Two studies specified particularities of paediatric clinical trials, which are likely to lead to higher costs for these trials compared to the ones with adult patients (Mathis & Rodriguez 2009 42 ; Upadhyaya et al. 2009 43 ). These included the limited number of patients available for trials, since the physiological changes in children require conducting separate studies for different age groups and to assess the patients’ unique growth and development regularly during clinical trials. One industry survey respondent remarked that “the many scientific, ethical and practical complexities involved have traditionally made paediatric studies more challenging, costly and time-intensive than those conducted in adults”.

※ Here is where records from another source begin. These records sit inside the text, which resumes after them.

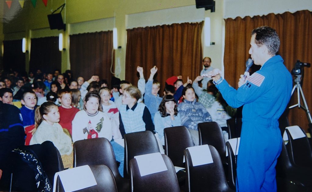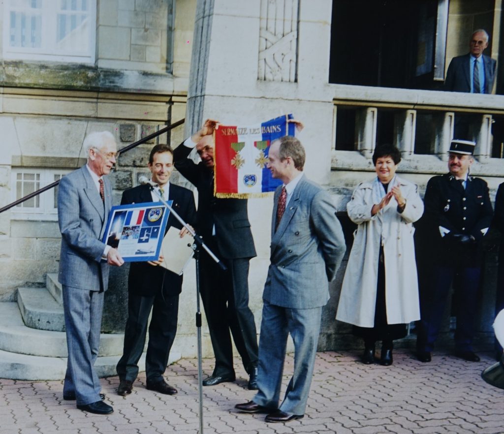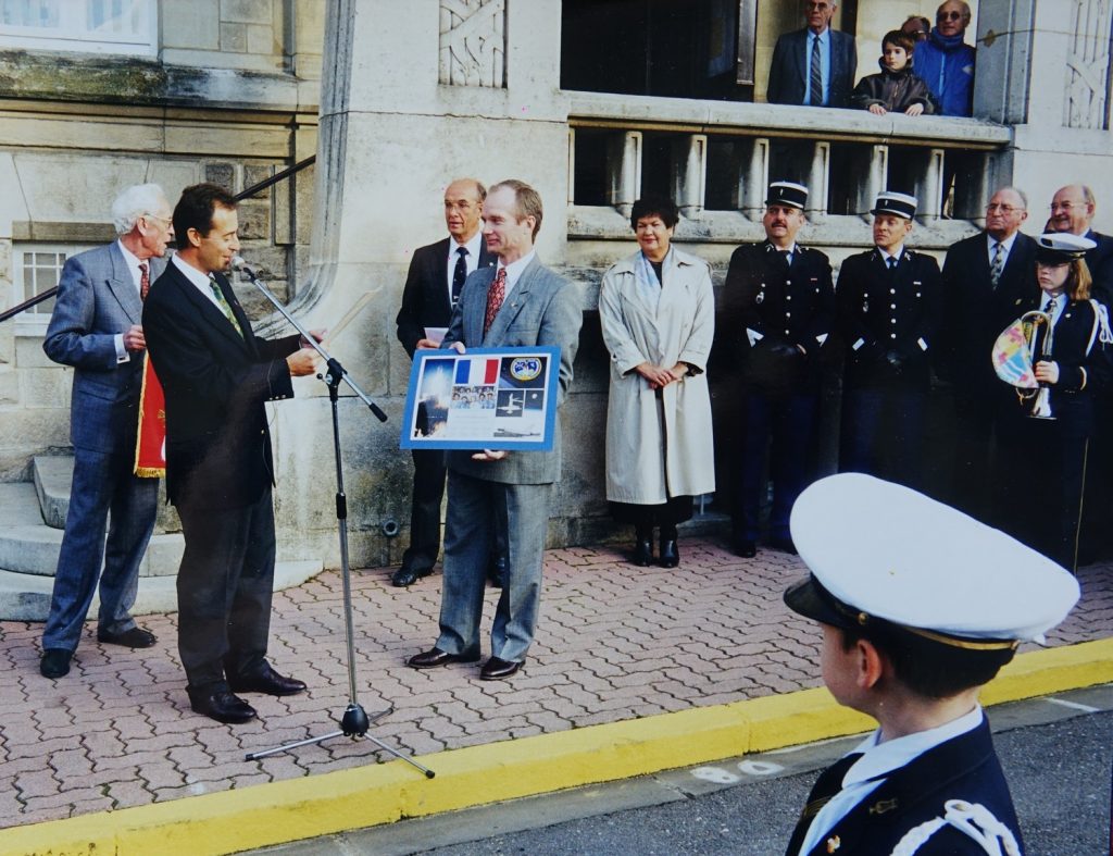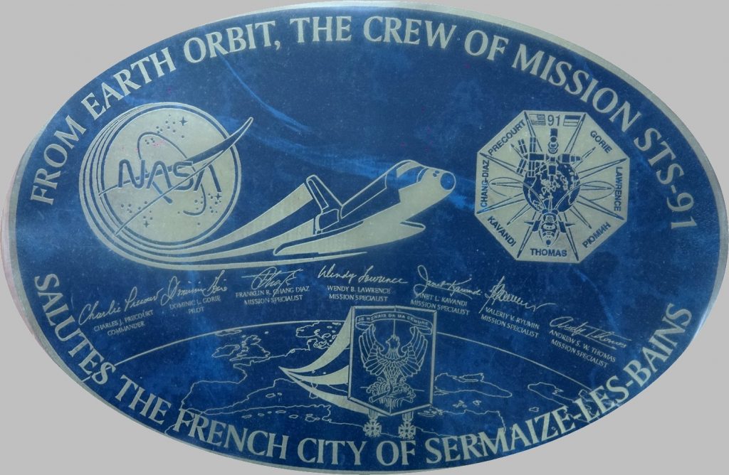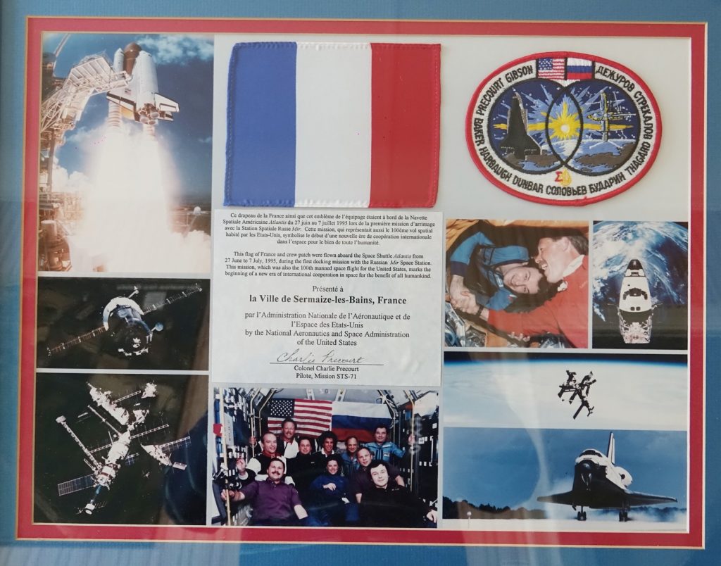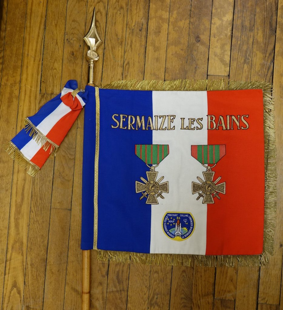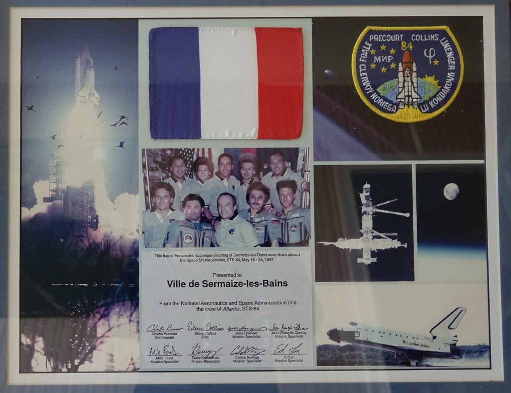 C’était en 1995, les Sermaiziens se souviennent qu’un Fanion aux armes de Sermaize, réalisé par Micheline MURAT a voyagé dans l’espace, dans les bagages de Charlie PRECOURT, Lieutenant-colonel de l’US Air Force  au bord de la Navette Spatiale Américaine ATLANTIS.
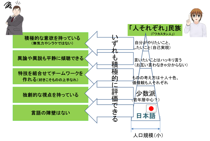 ワカスタン人たちの資質を組織にとっての美点として活かすのも、殺すのも、ムラスタン人側の心掛け次第なのである。
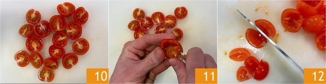 Lave os tomatinhos e corte-os ao meio 10, remova as sementes e a polpa 11, depois corte-os em gomos 12.
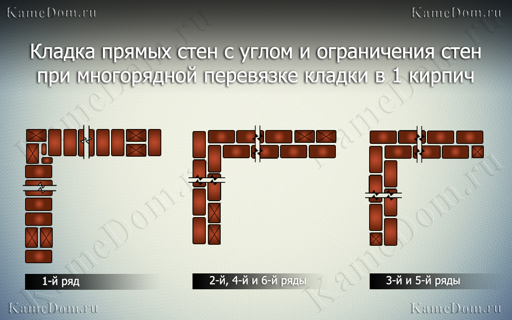 При многорядной системе перевязки чередование уложенных ложковой частью наружу рядов с теми, что уложены тычковой частью наружу, пойдет не через один, а несколько ложковых. Для такой системы имеются определенные правила чередования. Для кирпичей одинарного типа используют кладку в 6 однородных рядов, которые перевязывают тычковым рядом.
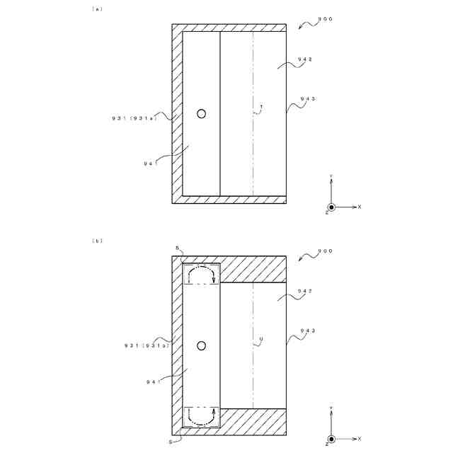 具体的には、塗布幅の変更は、第1分割体910と第2分割体920とで挟むシム931を交換することにより行われている。たとえば、図7(a)に示す内寸Tを有するシム931aにより規定される塗布幅よりも小さい塗布幅に変更する場合は、内寸Tよりも小さい内寸Uを有するシム931b(図7(b)を参照)にシム931を交換することにより、塗布幅を小さくするようになっている。このように、シム931により塗布幅を変更すると、図7(b)に示すように、マニホールド941においてスリット942よりも上記長手方向に延びた部分、すなわち、塗布液951の流れが低速になり塗布液951が滞留する滞留部Sが形成され、この滞留部Sで塗布液951に含まれる活物質などの粒子が沈降してしまうという場合があった。この状態で、塗布液951を塗布してリチウムイオン電池の製造を行うと、そのリチウムイオン電池の性能が低下してしまうという問題があった。

This suggests that cost per trial subject is likely to be higher for paediatric studies. In this section we compare the average cost estimates presented in this study with that available in the literature looking at the cost involved in adult/mixed trials.

DiMasi et al. (2016) 44 provided estimates for industry ‘out-of-pocket’ clinical period costs for investigational compounds. The result shows that the average cost of paediatric phase II and

42 Mathis, L. & Rodriguez, W., 2009. Drug therapy in pediatrics: A developing field. Dermatologic Therapy, 22(3), pp.257–261.

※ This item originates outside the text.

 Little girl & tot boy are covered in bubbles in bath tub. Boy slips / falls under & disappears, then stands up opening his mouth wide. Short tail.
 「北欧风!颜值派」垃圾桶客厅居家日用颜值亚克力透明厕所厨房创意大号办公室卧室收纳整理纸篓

43 Upadhyaya, H.P., Gault, L. & Allen, A.J., 2009. Challenges and Opportunities in Bringing New Medications to Market for Pediatric Patients. Journal of the American Academy of Child & Adolescent Psychiatry, 48(11), pp.1056–1059.

44 DiMasi, J., Grabowski, H., and Hansen, R. (2016). Innovation in the pharmaceutical industry: new estimates of R&D costs. Journal of Health Economics, 47.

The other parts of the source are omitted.